Most of the aqueous outflow resistance exists between the JCT and the inner wall endothelium of Schlemm’s canal (SCE) 1). Aqueous humor flows through microscopic discontinuities in the SCE basement membrane, via giant vacuoles and pores, into the lumen of Schlemm’s canal 1). Aqueous outflow is not uniform; there are segmental regions of high and low flow 1). Glaucomatous eyes have more low-flow regions 1).
The extracellular matrix of the JCT in glaucomatous eyes is about 20 times stiffer than in normal eyes 1). Loss of trabecular meshwork cells leads to loss of IOP homeostasis response, and cell replenishment restores the response 1).
Alternative Outflow Pathway (Uveoscleral Outflow Pathway)
In the alternative outflow pathway, aqueous humor enters the ciliary body stroma from the intercellular spaces at the anterior ciliary body, travels posteriorly along the uvea, and exits the eye through the sclera. Outflow rate is reported to be 0.2–0.4 μL/min. While the conventional pathway is pressure-dependent, the alternative pathway is pressure-independent 4).

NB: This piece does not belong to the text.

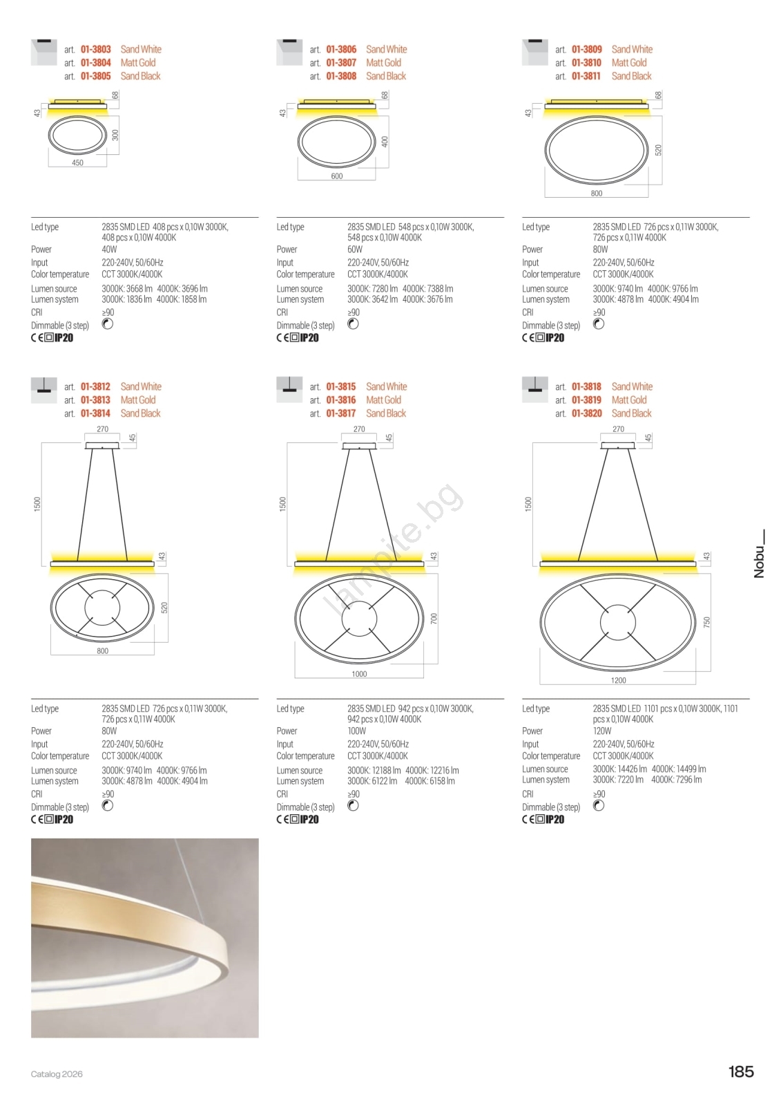 • Redo 01-3810 - Димируем LED таванен плафон NOBU LED/80W/230V 3000/4000K CRI 90 златист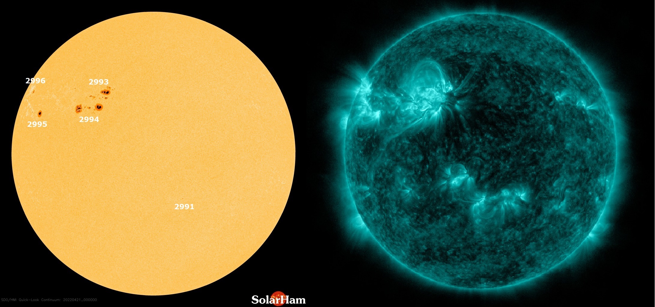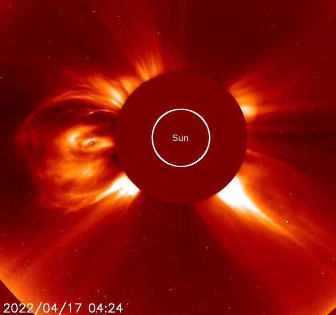 Ali, mi Zemljani imamo i novije probleme. Velika solarna baklja magnitude X1.1 je otkrivena u nedjelju 17.4.2022. oko vrlo aktivne sunčeve pjege AR 2994., te još jedna Magnitude X2.2 od sunčeve pjege AR 2992, koja se zbog sunčeve rotacije okrenula od smjera Zemlje. Te baklje su izazvale jako zamračenje kratkovalnog radija i pomorske telekomunikacije u jugoistočnoj Aziji i dijelu Australije, jer je solarna baklja utjecala na tada osunčanu stranu Zemlje.

QWhere does aqueous outflow resistance exist?
A
Most of the aqueous outflow resistance is localized in the deepest part of the juxtacanalicular connective tissue (JCT), specifically in a 1–2 μm thick region consisting of the inner wall endothelium of Schlemm’s canal (SCE) and its basement membrane 1). Aqueous humor encounters little resistance in the intertrabecular spaces of the uveal and corneoscleral trabecular meshwork. In glaucomatous eyes, the stiffness of the extracellular matrix in this region is increased to about 20 times normal, which is considered a contributing factor to increased outflow resistance 1).
Deep learning systems have been developed to automatically detect angle closure from AS-OCT images. Fu et al. reported an area under the curve (AUC) of 0.96, sensitivity of 0.9, and specificity of 0.92. This is expected to be applied for screening patients at high risk of angle closure.
AS-OCTA enables imaging of anterior segment microvasculature without contrast agents. Visualization of deep vessels is increasingly allowing evaluation of pathways beyond the collector channels (episcleral veins and aqueous veins). In the future, its utility in assessing outflow pathways before MIGS and predicting postoperative outcomes is expected to be investigated.
Advances in OCT technology have enabled in vivo measurement of Schlemm’s canal, allowing monitoring of morphological changes in SC in response to medications, laser, and surgery. Clinical applications such as predicting SLT success and evaluating canaloplasty are progressing.